Entries taken from a collection:
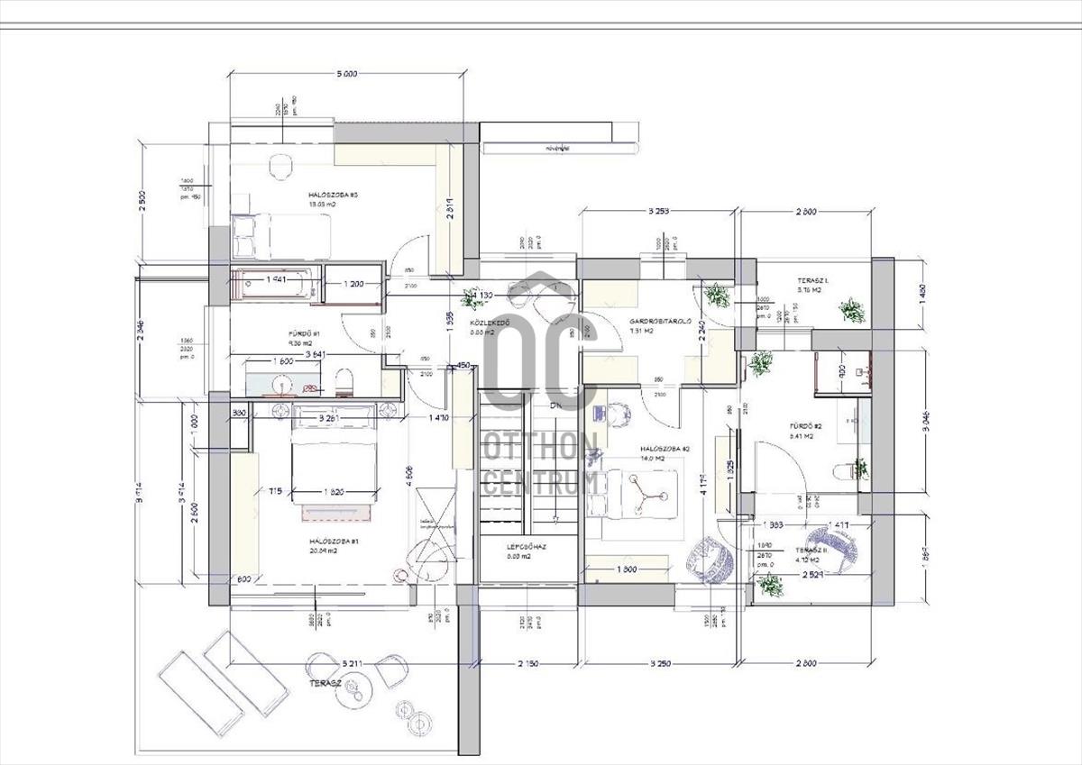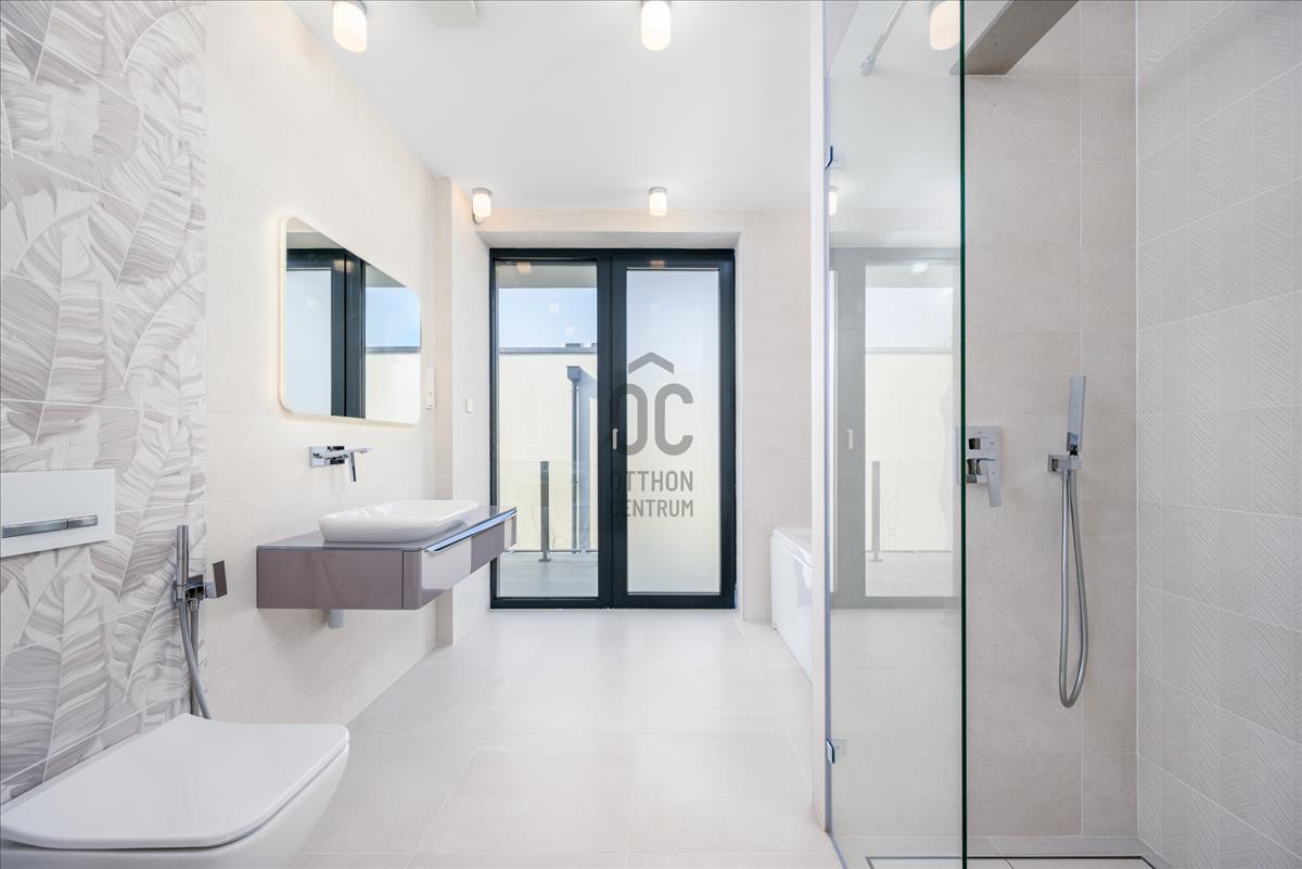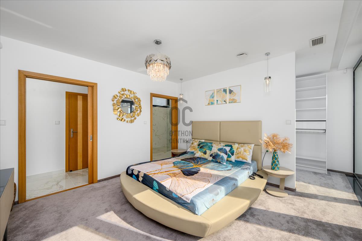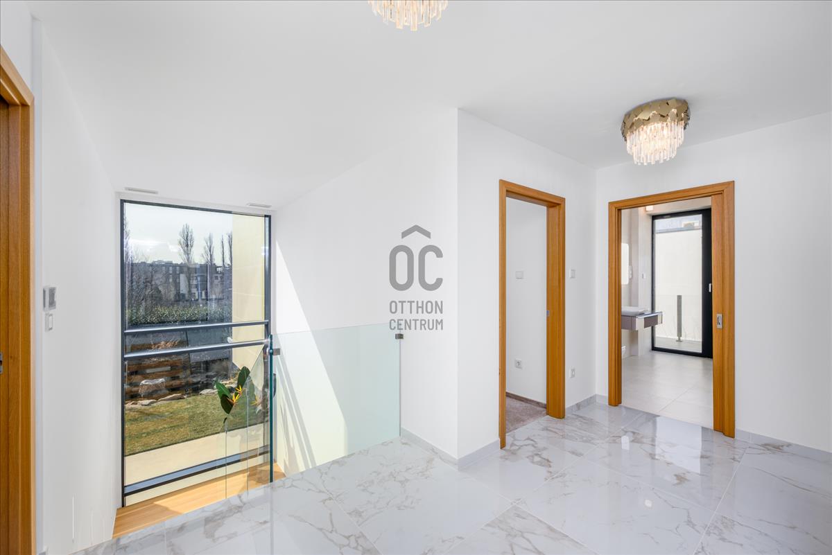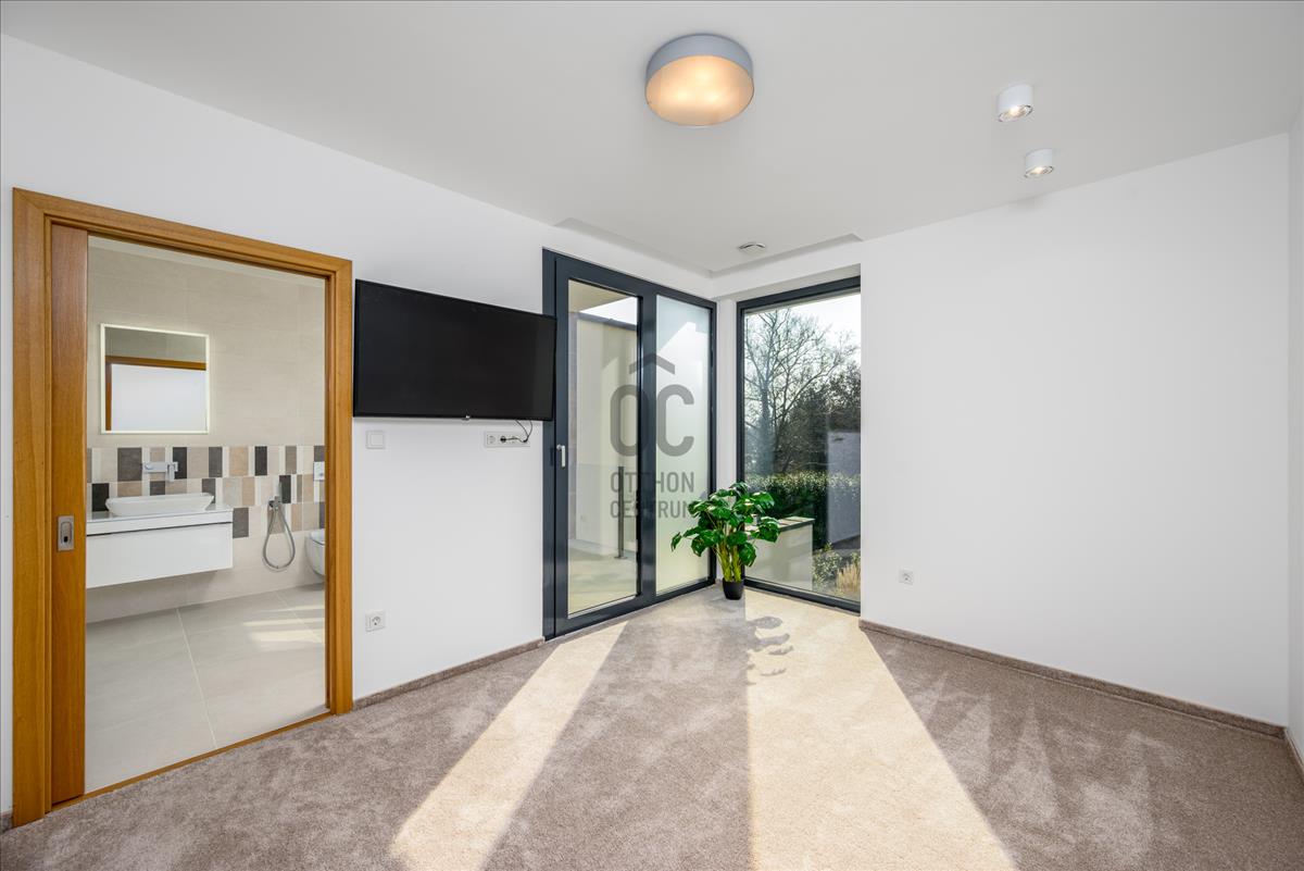 Az emeleten három kényelmes méretű hálószoba, gardrób és két fürdőszoba található, amelyekhez erkélyek kapcsolódnak. a földszinten külön szülői lakrész biztosítja az intim, nyugodt privát teret saját gardróbbal és fürdőszobával.
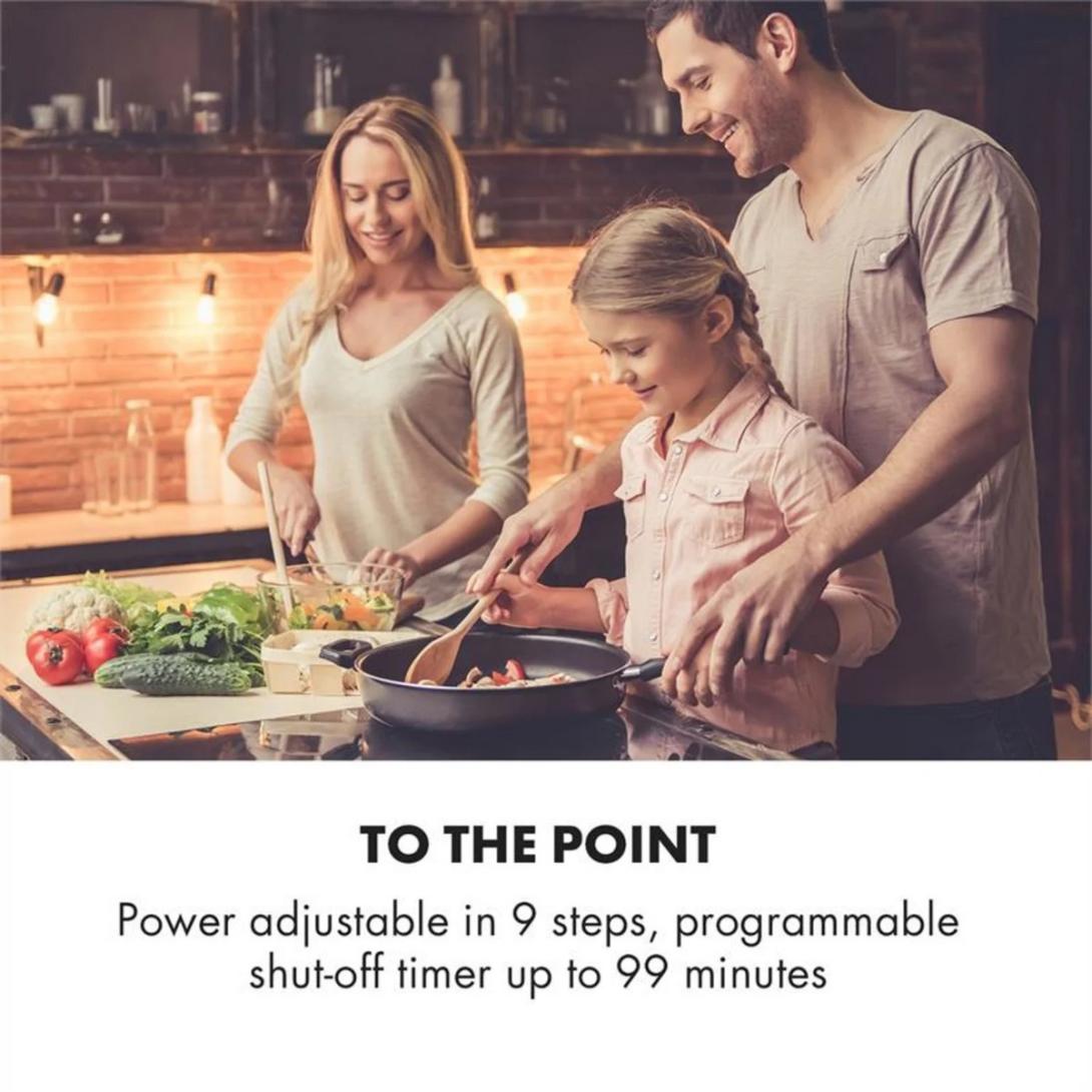 Vstavaná varná doska Klarstein Delicatessa 77 Hybrid ponúka štyri varné platne s celkovým výkonom až 7000 W (2 x 2000 W), ktoré sa rozdeľujú na 2 x 2000 W a 2 x 1500 W na jednotlivých varných plochách - vďaka čomu obsah hrncov a panvíc zovrie v špičkových časoch. Pritom sa zjednocujú obidve ľavé varné zóny do jednej flexi zóny pomocou funkcie VarioHeating: vďaka funkcii rozpoznania veľkosti hrnca sa s maximálnou flexibilitou prispôsobí veľkosti umiestnených hrncov, panvíc alebo kastrólov, a tak sa zohrieva aj veľký kuchynský riad, ktorý sa nezmestí na jednu varnú plochu. Na jednej strane zariadenie Delicatessa 77 Hybrid naozaj využíva len energiu, ktorá je vhodná pre daný hrniec, a na druhej strane umožňuje používať takmer akúkoľvek veľkosť hrnca alebo panvice. Zariadenie Delicatessa 77 Hybrid myslí aj na milovníkov veľkých panvicových jedál, ako napríklad paella. Pravá varná zóna má priemer 28 cm a poskytuje bez problémov dostatok potrebného miesta na veľké panvice. Výkon jednotlivých plôch a flexi plochy je možné ovládať samostatne a majú k dispozícii funkciu ThermoBoost, ktorá zvyšuje výkon s cieľom rýchleho zohriatia na 3000 W. Sklokeramická varná doska Klarstein Delicatessa 77 Hybrid sa jednoducho ovláda pomocou integrovaného dotykového panelu SenseControl s Touch-to-slide ovládaním výkonu posunutím prsta po ploche a pomocou digitálneho displeja. Takže ani gombíky a regulátory nenarúšajú povrch kuchynskej linky. Okrem výkonu sa dá naprogramovať aj časovač až na 99 minút pre každú varnú dosku. Časovač buď vypne varnú dosku po uplynutí nastaveného času, alebo vydá akustický signál.
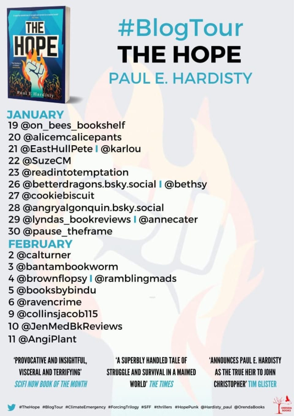 As always, many thanks to Orenda Books for including me on the blog tour for Paul E. Hardisty's "The Hope". The book is the third in a trilogy that started with "The Forcing" and continued with "The Descent". I reviewed "The Forcing" in February 2023.
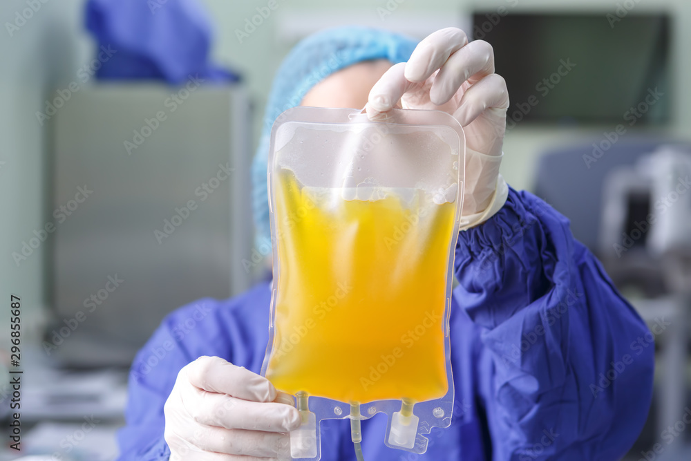 Papier peint Hands of a medical worker holding a bag of donated blood plasma
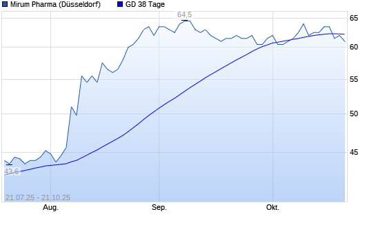 Mit dem Rücksetzer auf 61,00 EUR hat die Mirum Pharmaceuticals-Aktie am 20.10.2025 die 38-Tage-Linie nach unten gekreuzt.
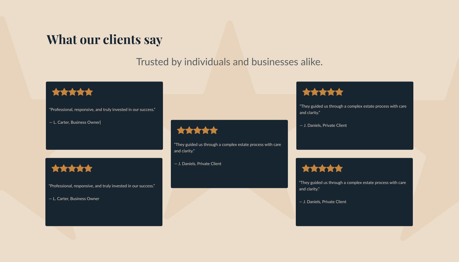 Visual storytelling is expressed through composition. Overlapping text and imagery introduce depth and movement, while lawyer profiles are presented with gallery-like framing, subtly referencing legacy, reputation and longevity. Deep navy tones evoke the precision of a “pressed suit in court”. The layout remains disciplined and predictable, creating a sense of stability that is essential for first-time visitors seeking reassurance.
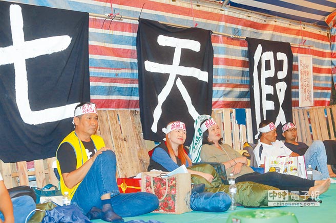 目前在“立法院”持續(xù)有勞團(tuán)成員以絕食靜坐方式,盼民進(jìn)黨“立院”黨團(tuán)能主動(dòng)撤案。(圖片來源:臺(tái)灣《中時(shí)電子報(bào)》)
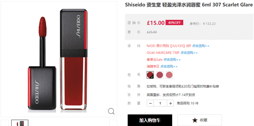 新低补货 Shiseido资生堂18年秋季唇蜜漆光唇釉307色 凑单折后价 16 46 约126元 拔草哦
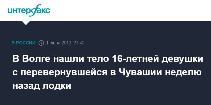 Чебоксары. 1 июня. ИНТЕРАКС-ПОВОЛЖЬЕ - Обнаружено тело 16-летней пассажирки лодки, перевернувшейся в Чувашии неделю назад, сообщил агентству "Интерфакс-Поволжье" старший помощник руководителя СУ СКР по республике Олег Дмитриев.
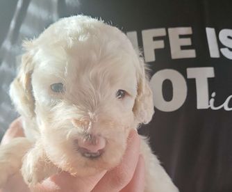 Zara is a female Poodle. Carefully selected as a great representative of her breed, Lacey decided to make her part of their program. Lacey has passed Good Dog’s screening process, which involved a review of their breeding practices, environment, and the mental and physical health of their dogs.
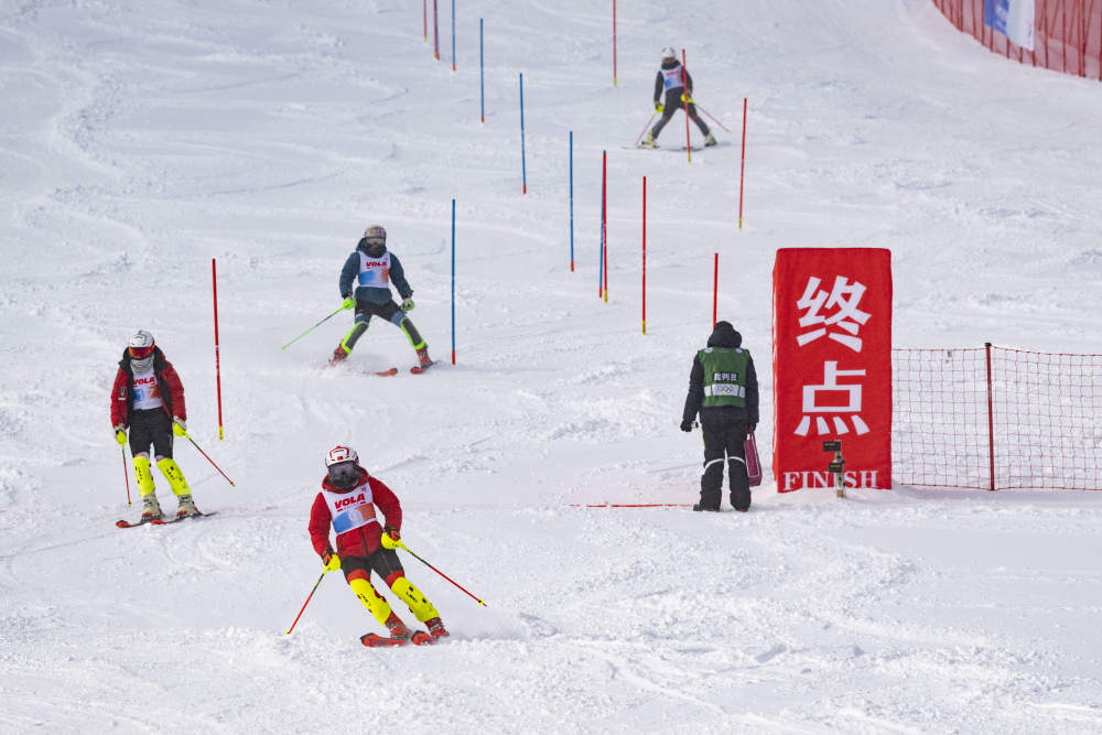 2024年12月22日,參賽選手在觀察男子回轉測試賽線路。當日,2025年哈爾濱亞洲冬季運動會高山滑雪項目測試賽在黑龍江省亞布力體育訓練基地(亞布力滑雪場)舉行。
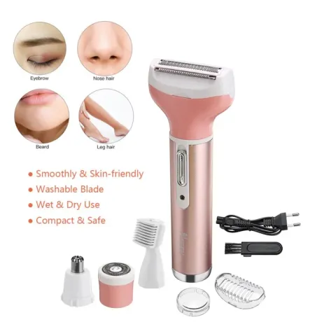 Geemy GM-3074 is a compact, cordless grooming kit designed for precise, skin-friendly trimming across face and body. Four quick-swap heads cover nose/ear hair, eyebrow shaping, facial peach-fuzz, and a full-size foil shave for underarms and body lines. The USB-rechargeable drive provides convenient cordless use, while detachable, washable heads make cleaning simple. Its portable size and ergonomic grip enable accurate control at home or during travel.

What the exercise asks:
Please retype the data exactly. The pictures do not go in.

Output:
 Az emeleten három kényelmes méretű hálószoba, gardrób és két fürdőszoba található, amelyekhez erkélyek kapcsolódnak. a földszinten külön szülői lakrész biztosítja az intim, nyugodt privát teret saját gardróbbal és fürdőszobával.
 Vstavaná varná doska Klarstein Delicatessa 77 Hybrid ponúka štyri varné platne s celkovým výkonom až 7000 W (2 x 2000 W), ktoré sa rozdeľujú na 2 x 2000 W a 2 x 1500 W na jednotlivých varných plochách - vďaka čomu obsah hrncov a panvíc zovrie v špičkových časoch. Pritom sa zjednocujú obidve ľavé varné zóny do jednej flexi zóny pomocou funkcie VarioHeating: vďaka funkcii rozpoznania veľkosti hrnca sa s maximálnou flexibilitou prispôsobí veľkosti umiestnených hrncov, panvíc alebo kastrólov, a tak sa zohrieva aj veľký kuchynský riad, ktorý sa nezmestí na jednu varnú plochu. Na jednej strane zariadenie Delicatessa 77 Hybrid naozaj využíva len energiu, ktorá je vhodná pre daný hrniec, a na druhej strane umožňuje používať takmer akúkoľvek veľkosť hrnca alebo panvice. Zariadenie Delicatessa 77 Hybrid myslí aj na milovníkov veľkých panvicových jedál, ako napríklad paella. Pravá varná zóna má priemer 28 cm a poskytuje bez problémov dostatok potrebného miesta na veľké panvice. Výkon jednotlivých plôch a flexi plochy je možné ovládať samostatne a majú k dispozícii funkciu ThermoBoost, ktorá zvyšuje výkon s cieľom rýchleho zohriatia na 3000 W. Sklokeramická varná doska Klarstein Delicatessa 77 Hybrid sa jednoducho ovláda pomocou integrovaného dotykového panelu SenseControl s Touch-to-slide ovládaním výkonu posunutím prsta po ploche a pomocou digitálneho displeja. Takže ani gombíky a regulátory nenarúšajú povrch kuchynskej linky. Okrem výkonu sa dá naprogramovať aj časovač až na 99 minút pre každú varnú dosku. Časovač buď vypne varnú dosku po uplynutí nastaveného času, alebo vydá akustický signál.
 As always, many thanks to Orenda Books for including me on the blog tour for Paul E. Hardisty's "The Hope". The book is the third in a trilogy that started with "The Forcing" and continued with "The Descent". I reviewed "The Forcing" in February 2023.
 Papier peint Hands of a medical worker holding a bag of donated blood plasma
 Mit dem Rücksetzer auf 61,00 EUR hat die Mirum Pharmaceuticals-Aktie am 20.10.2025 die 38-Tage-Linie nach unten gekreuzt.
 Visual storytelling is expressed through composition. Overlapping text and imagery introduce depth and movement, while lawyer profiles are presented with gallery-like framing, subtly referencing legacy, reputation and longevity. Deep navy tones evoke the precision of a “pressed suit in court”. The layout remains disciplined and predictable, creating a sense of stability that is essential for first-time visitors seeking reassurance.
 目前在“立法院”持續(xù)有勞團(tuán)成員以絕食靜坐方式,盼民進(jìn)黨“立院”黨團(tuán)能主動(dòng)撤案。(圖片來源:臺(tái)灣《中時(shí)電子報(bào)》)
 新低补货 Shiseido资生堂18年秋季唇蜜漆光唇釉307色 凑单折后价 16 46 约126元 拔草哦
 Чебоксары. 1 июня. ИНТЕРАКС-ПОВОЛЖЬЕ - Обнаружено тело 16-летней пассажирки лодки, перевернувшейся в Чувашии неделю назад, сообщил агентству "Интерфакс-Поволжье" старший помощник руководителя СУ СКР по республике Олег Дмитриев.
 Zara is a female Poodle. Carefully selected as a great representative of her breed, Lacey decided to make her part of their program. Lacey has passed Good Dog’s screening process, which involved a review of their breeding practices, environment, and the mental and physical health of their dogs.
 2024年12月22日,參賽選手在觀察男子回轉測試賽線路。當日,2025年哈爾濱亞洲冬季運動會高山滑雪項目測試賽在黑龍江省亞布力體育訓練基地(亞布力滑雪場)舉行。
 Geemy GM-3074 is a compact, cordless grooming kit designed for precise, skin-friendly trimming across face and body. Four quick-swap heads cover nose/ear hair, eyebrow shaping, facial peach-fuzz, and a full-size foil shave for underarms and body lines. The USB-rechargeable drive provides convenient cordless use, while detachable, washable heads make cleaning simple. Its portable size and ergonomic grip enable accurate control at home or during travel.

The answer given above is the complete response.